Era una fría noche en la casa de los Stevenson, ubicada en un vecindario cualquiera cubierto con la nieve. Eran las dos de la mañana cuando la pequeña Aurelia, de 5 años, se había levantado para ir al baño. Sin embargo, el baño estaba ocupado, por lo que se quedó de pie frente a la puerta esperando a que mamá o papá saliera.
Sin embargo, cuando la puerta se abrió, una enorme figura de orejas puntiagudas, piel castaña, ojos enormes y colmillos prominentes emergió de las sombras. La niña solo se quedó ahí, de pie, asombrada ante la presencia de aquél monstruoso ser listo para destruir lo que estuviera a su paso. Parecía que alguna tragedia estaba a punto de producirse cuando el monstruo miró a la pequeña, pero en su lugar simplemente extendió su mano... Y le dio el papel de baño.
-Gracias, papi -respondió la niña con una inocente sonrisa mientras entraba al baño.

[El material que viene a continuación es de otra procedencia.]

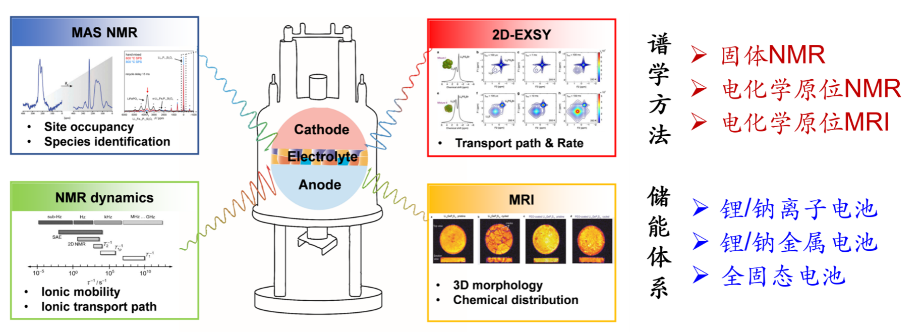 发展多种原位谱学表征方法(原位固体核磁共振技术/核磁共振成像技术、多种原位X射线衍射技术等)
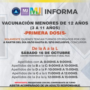 - Sábado 16: (De 8 a 13 horas) 1er dosis menores de 12 años (3 a 11)
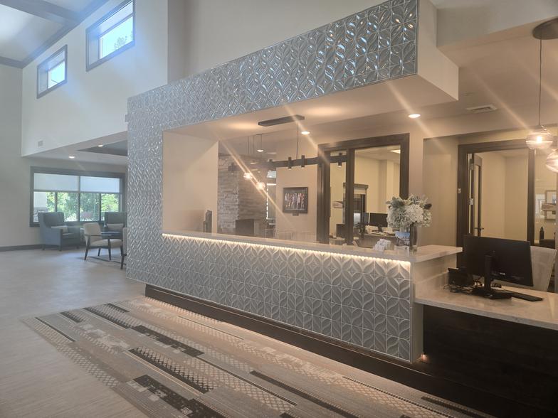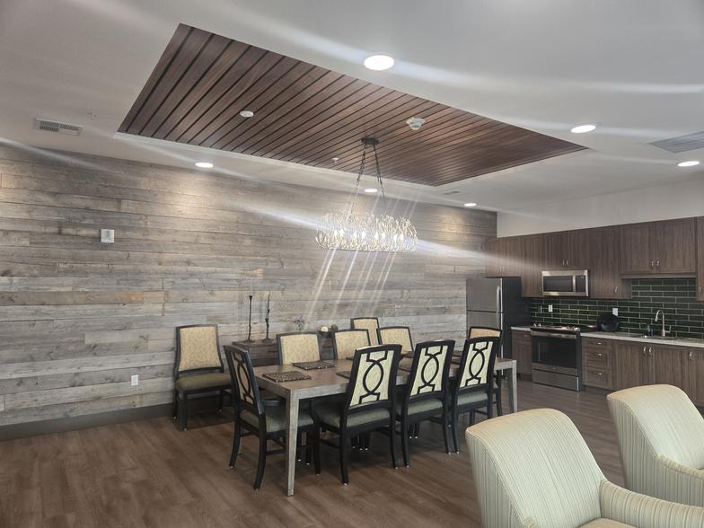 Eyre Interiors collaborated with a local Designer on this project to enhance this Memory Care Facility with warm, earthy elements of Tuscany. Eyre Interiors worked with materials selection and placement and provided the CAD drafted plan set to the Architect.

El monstruo, un hombre lobo, esperó a que la niña saliera del baño para escoltarla de vuelta a su habitación. Durante la espera, sacó una lista de quehaceres y empezó a palomear el itinerario de la noche:
- Recorrer el perímetro: LISTO.
- Asustar a potenciales ladrones: LISTO.
- Asustar al vecino que escucha música ruidosa (¿le llaman...? No sé, pero se escucha horrible) a las tres de la mañana; perseguirlo por toda su casa, destrozar su jardín, y de paso robarme su colección de lujo de Juego de Tronos: LISTO.